К становящейся «системе» это имеет касательство самое живое.
Главы о Сулержицком в «Моей жизни в искусстве» – в центре рассказа.
Станиславский в своей книге говорит, что первые шаги к «системе» – к распознанию источников творческой энергии актера и ее природы, к установлению условий, в которых эта энергия пробуждается и приводит в действие физический аппарат человека, на сцене обреченного на публичность созидания, – заставила сделать тогдашняя «новая драма», шире – тогдашнее «новое искусство», задачи символизма.

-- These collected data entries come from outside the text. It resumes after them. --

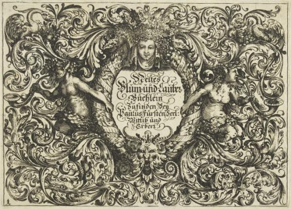 Some women continued their husband’s publishing business after being widowed. This title plate to a suite of 8 designs for panels of foliage and flowers entitled ‘Neüs Blum- und Laube- Büchlein Zufinden’ states that it was published by the widow and heirs of Paul Fürst in Nuremberg (‘Zufinden Beij Paulus Fürsten Seel: Wittib und Erbern’). It is likely that this edition dates to shortly after 1666, the year of Paulus Fürst’s death. Similarly in Paris the widow the print publisher François Langlois, Madeleine de Collemont (active 1647-1664) continued his business following his death in 1647. At her death in 1664 her stock of printing plates passed into the hands of the publisher Pierre Mariette II (1634-1714), whom she had married in 1654.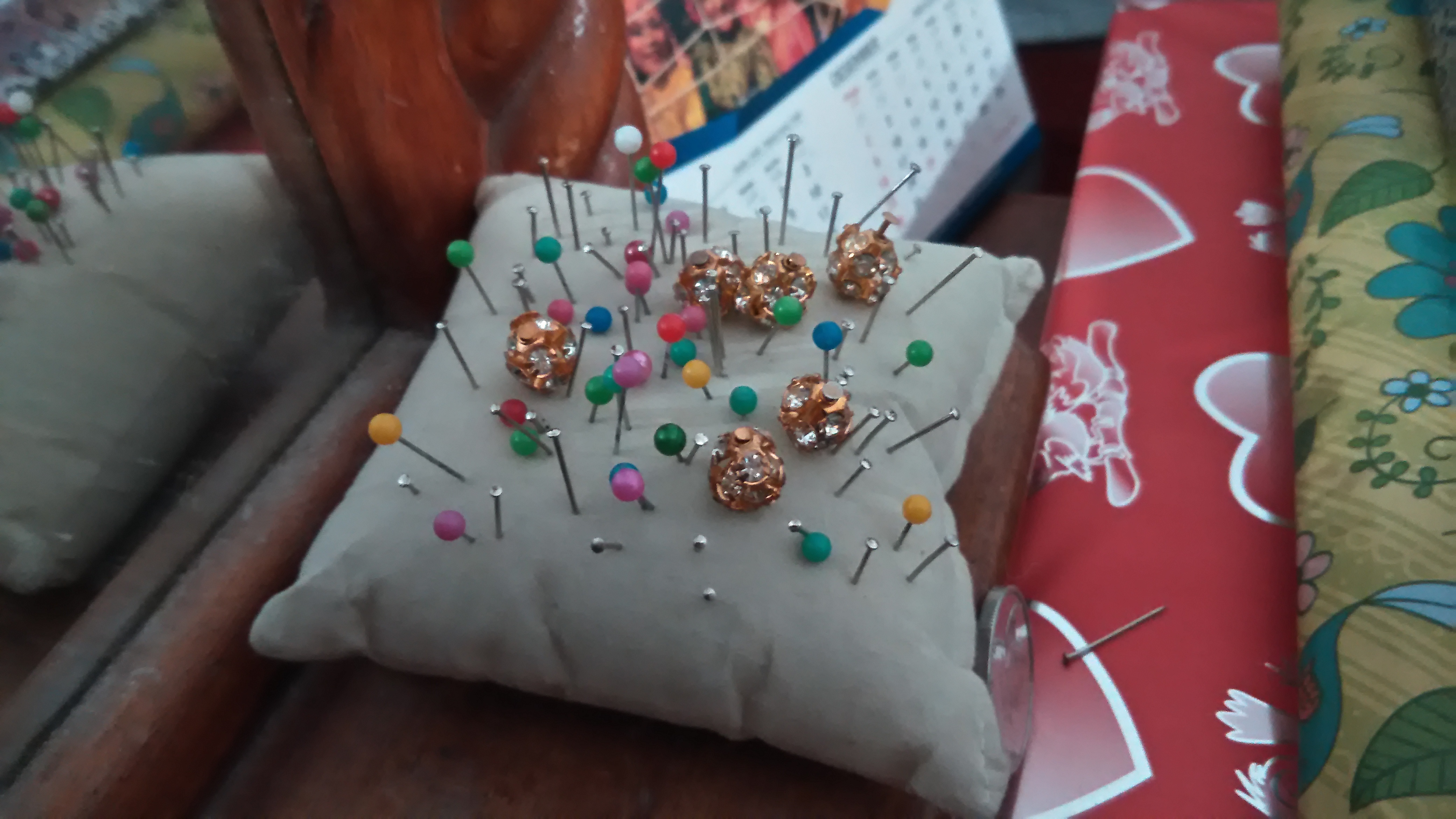 Baiklah. Berhati-hati, satu persatu atribut penghias kepala itu saya lepas. Ikatan di sana-sini tertahan oleh pentul di sana-sini pula. Untuk menahan rangkaian bunga melati, untuk membentuk kain tulle berwarna emas yang dijadikan jilbab, ditambah untuk menyemat sepotong kain brokat motif bunga sebagai tambahan hiasan lainnya di di bagian kepala yang diatur sedemikian rupa di atas kain tulle tadi. Untuk ukuran standar satu kepala saja, cukup banyak sematan pentul yang harus dilepas. Saat melakukan kerja melepas pentul demi pentul penyemat hiasan kepala itu, yang bermain di benak saya adalah, bagaimana kalau kejadian sang pengantin perempuan ini pingsan atau terjatuh dan rebah kepalanya? Betapa resiko tercucuk pentul sebanyak itu sangat besar sekali kemungkinannya.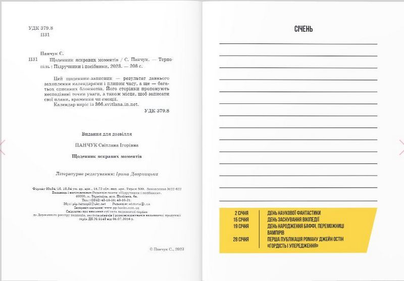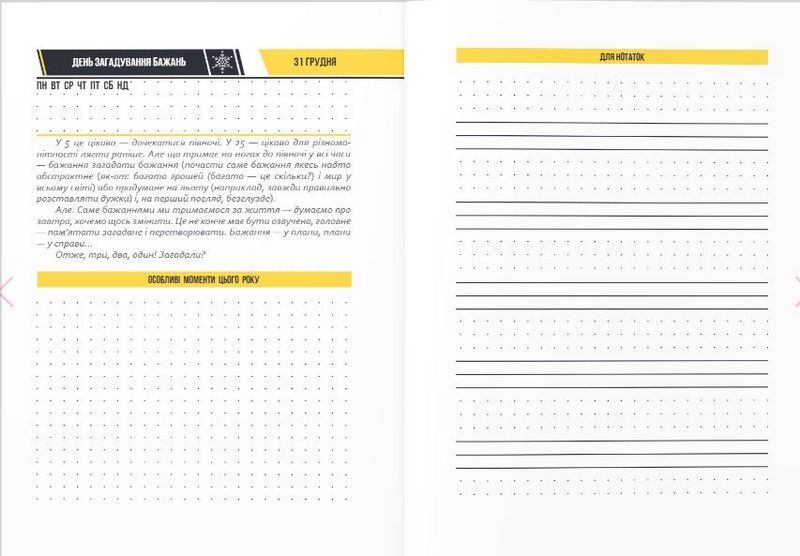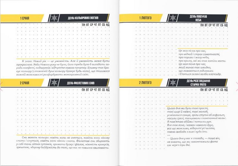 Його сторінки пропонують несподівані точки уваги, а також місце, щоб записати свої плани, враження чи емоції.

В русском издании «Моей жизни…» с терминологией соблюдали осторожность. Останавливались на слове «сверхсознание»: «Только тогда, когда духовная и физическая жизнь артиста на сцене развивается натурально, естественно, нормально, по законам самой природы, – сверхсознательное выходит из своих тайников. Малейшее насилие над природой – и сверхсознательное прячется» (К. С. поясняет: «спасается»)[41].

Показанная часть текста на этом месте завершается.